Task requirements
Please write out every line of the material, leaving out any picture.

Source data
▬▬▬▬▬▬▬▬▬▬

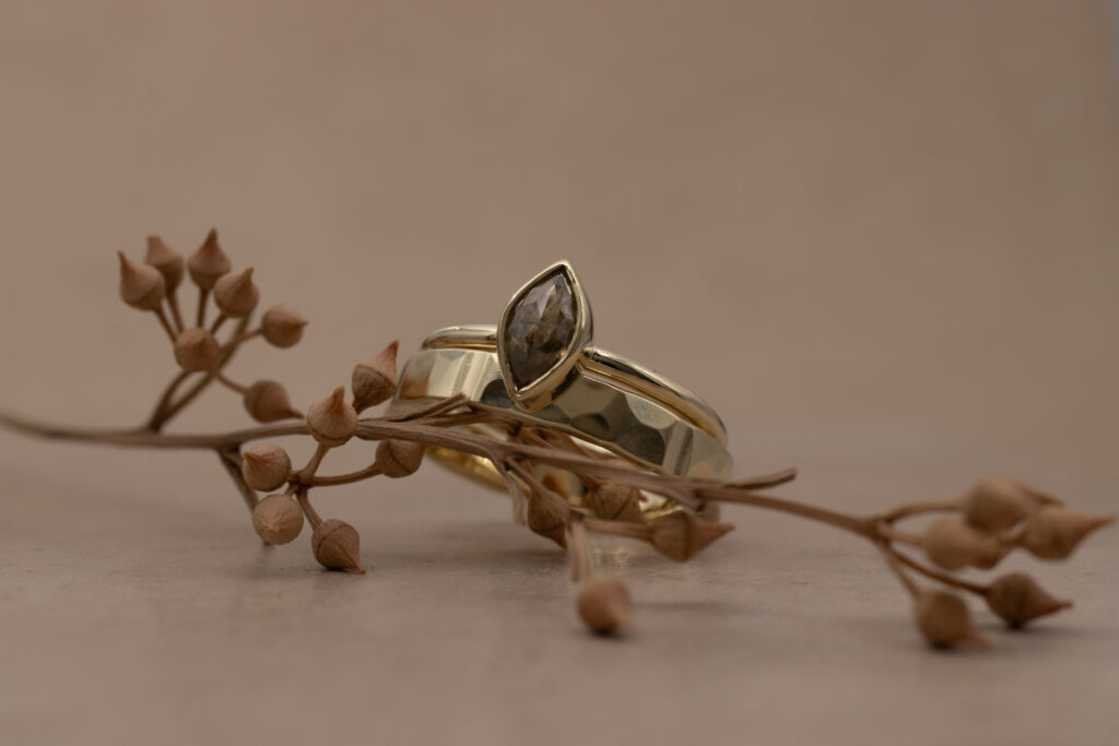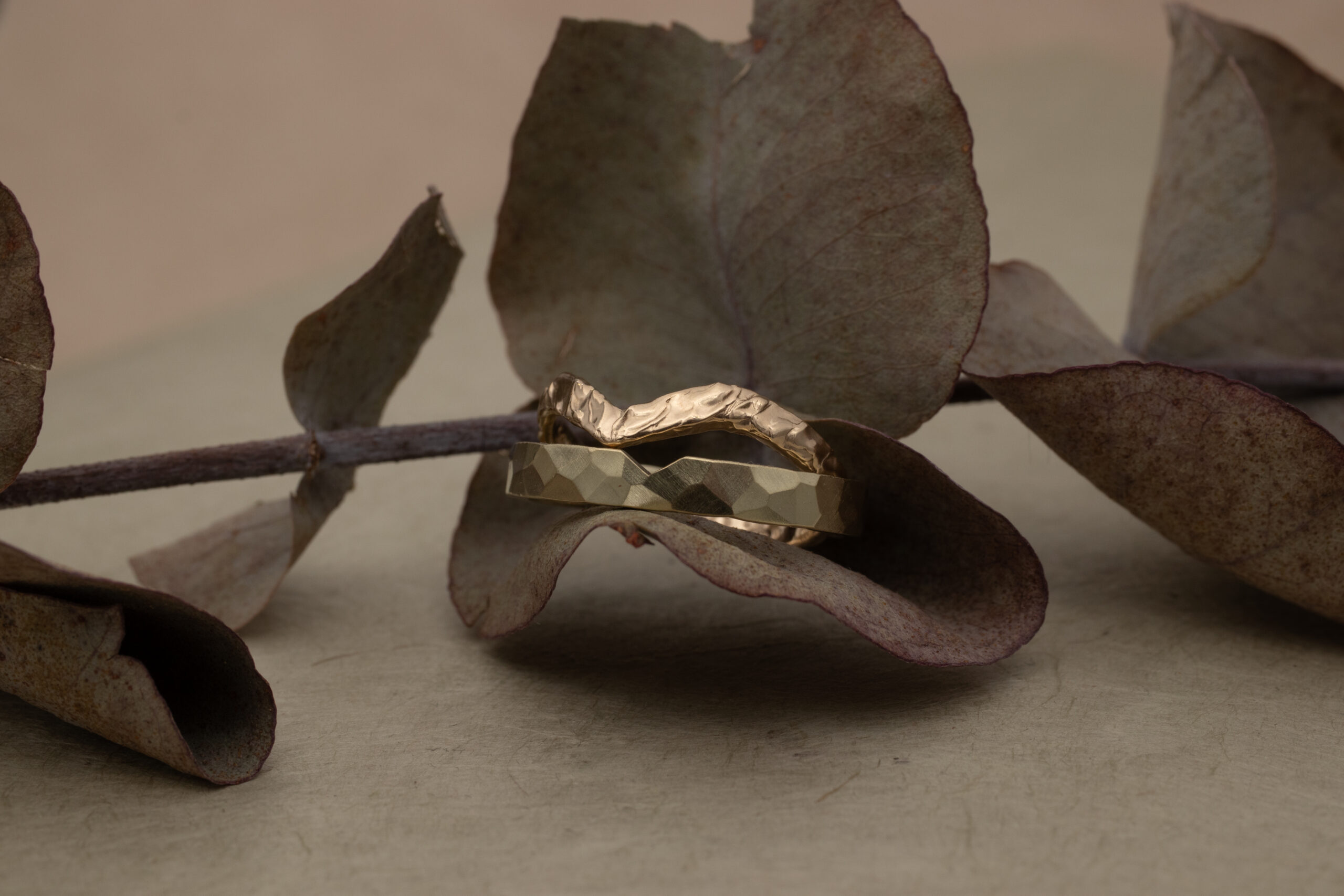 Strakke, langwerpige hamerslagen die zorgen voor een subtiel lijnenspel in de ring.
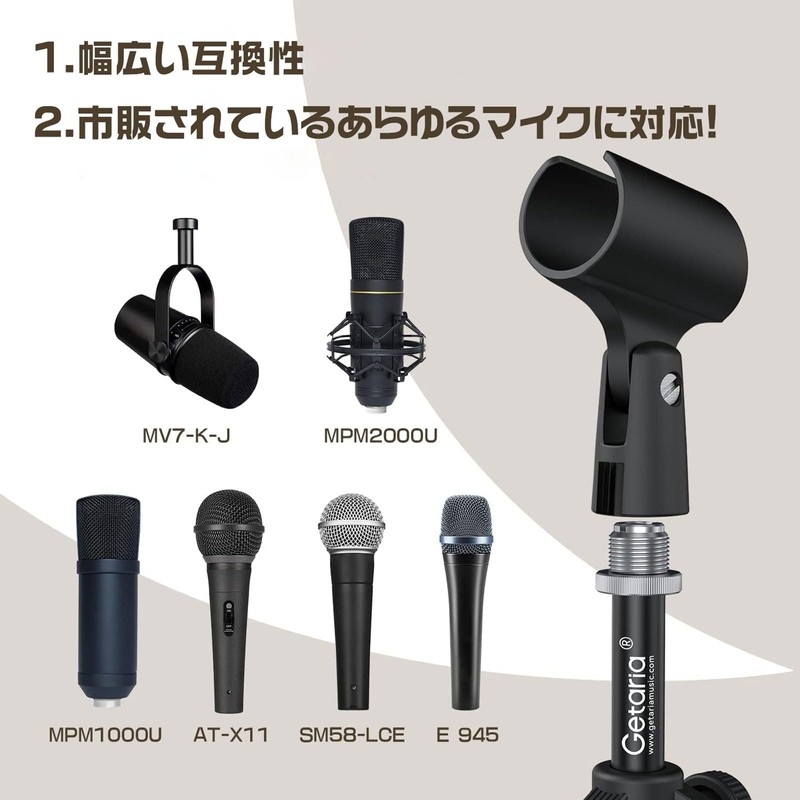 • COMPATIBLE WITH VARIETY OF MICS: Compatible with dynamic microphones such as ATR2100-USB, AT2005-USB, Samson Q2U, Behringer Xm8500, SM58-LC PGA48/PGA58 etc. Please make sure one of the three legs is in front of the microphone, otherwise it will tip over. It supports a maximum weight of 5.5 lbs and balances the placement of the microphone
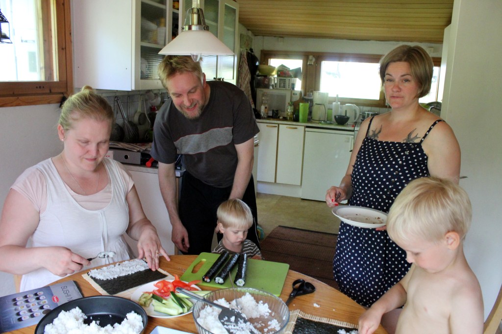 Järjestimme sushitalkoot, joihin pikkumiehetkin osallistuivat. Makirullien kääriminen sujui hyvin.
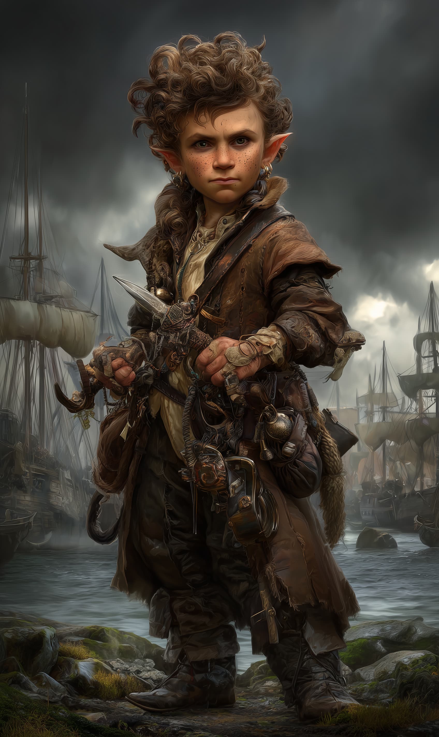 Appearance: Piper Gearwake is a compact gnome with a wiry, rope-trained build and a permanent salt squint, like she’s spent her whole life staring into glare off wet stone. Her copper-brown curls are shoved back with a strip of sailcloth, and her freckled face is peppered with tiny soot marks and windburn. One ear bears a small notch missing from an old hook accident, and she wears it with the quiet pride of someone who survived her own learning curve.

▬▬▬▬▬▬▬▬▬▬

Answer section
 Strakke, langwerpige hamerslagen die zorgen voor een subtiel lijnenspel in de ring.
 • COMPATIBLE WITH VARIETY OF MICS: Compatible with dynamic microphones such as ATR2100-USB, AT2005-USB, Samson Q2U, Behringer Xm8500, SM58-LC PGA48/PGA58 etc. Please make sure one of the three legs is in front of the microphone, otherwise it will tip over. It supports a maximum weight of 5.5 lbs and balances the placement of the microphone
 Järjestimme sushitalkoot, joihin pikkumiehetkin osallistuivat. Makirullien kääriminen sujui hyvin.
 Appearance: Piper Gearwake is a compact gnome with a wiry, rope-trained build and a permanent salt squint, like she’s spent her whole life staring into glare off wet stone. Her copper-brown curls are shoved back with a strip of sailcloth, and her freckled face is peppered with tiny soot marks and windburn. One ear bears a small notch missing from an old hook accident, and she wears it with the quiet pride of someone who survived her own learning curve.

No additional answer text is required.